Your First Components#
In ECS we model game objects, such as people, as entities.
An entity is essentially just a bundle of components. To start, we
create a Person
component:
class Person(xx.Component):
pass
Entities which represent a person will have this component. In our
example, we also want to keep track of how much health each person has.
If you’re not familiar with ECS you may be tempted to add a field to
the Person
component, such as health: xx.Int
. However,
other entities may have health too. By splitting up health into
a separate component, we can eventually write systems which operate
on any entity which has health. For example, a damage system will not
care if the entity receiving damage is a person or a cow. In any case,
here is our new component:
class Health(xx.Component):
value: xx.Int
Next, we add people into our World
using a
“startup system”. Startup systems are run once, before any other
system. We use Commands
to spawn entities into our
World
:
def spawn_people(
commands: xx.Commands,
) -> None:
commands.spawn((Person, Health), 5)
To show we’ve spawned our people, and their health, we can write a new system
which acts on all entities with a Person
and Health
component:
def report_person_health(
query: xx.Query[tuple[Person, Health]],
) -> None:
(person, health) = query.result()
print(person)
print(health)
The parameters of our system function determine what data
our system runs on. In this case we are getting all
entities with a Person
and Health
component.
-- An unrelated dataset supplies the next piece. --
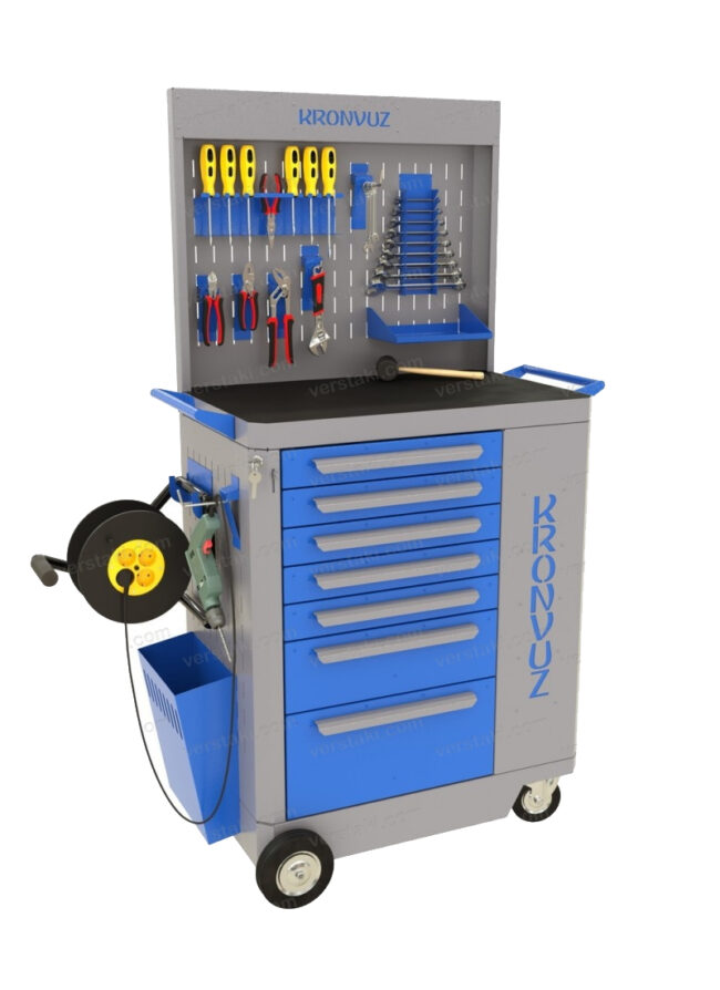 Инструментальная тележка электромонтажника с резиновым ковриком KronVuz TB 700-S удобна при осуществлении монтажа, сборке щитков учета, проверке и ремонте производственного оборудования.

The
person
and health
variables are actually arrays
of all Person
and Health
components, which belong
to entities containing both.
Finally, let’s write our main
function again and
register our new systems:
def main() -> None:
app = xx.RealTimeApp(num_entities=5)
app.add_startup_system(spawn_people)
app.add_system(report_person_health)
app.add_pool(Person.create_pool(5))
app.add_pool(Health.create_pool(5))
app.update()
Notice we also called add_pool()
. In xecs
we
reserve memory ahead of time for our components. This means that as our app runs,
we can avoid unnecessary re-allocations.
The output of our program will be as follows:
<Person()>
<Health(
value=<xecs.Int32 [0, 0, 0, 0, 0]>,
)>
Initializing Components#
In the previous section we spawned a bunch of health components:
def spawn_people(
commands: xx.Commands,
) -> None:
commands.spawn((Person, Health), 5)
We also saw that when we printed out Health
component, the values
were set to 0. Let’s say our game requires full health to be a value of
100
, we can edit our function so that newly spawned components are
set to this value:
def spawn_people(
commands: xx.Commands,
world: xx.World,
) -> None:
personi, healthi = commands.spawn((Person, Health), 5)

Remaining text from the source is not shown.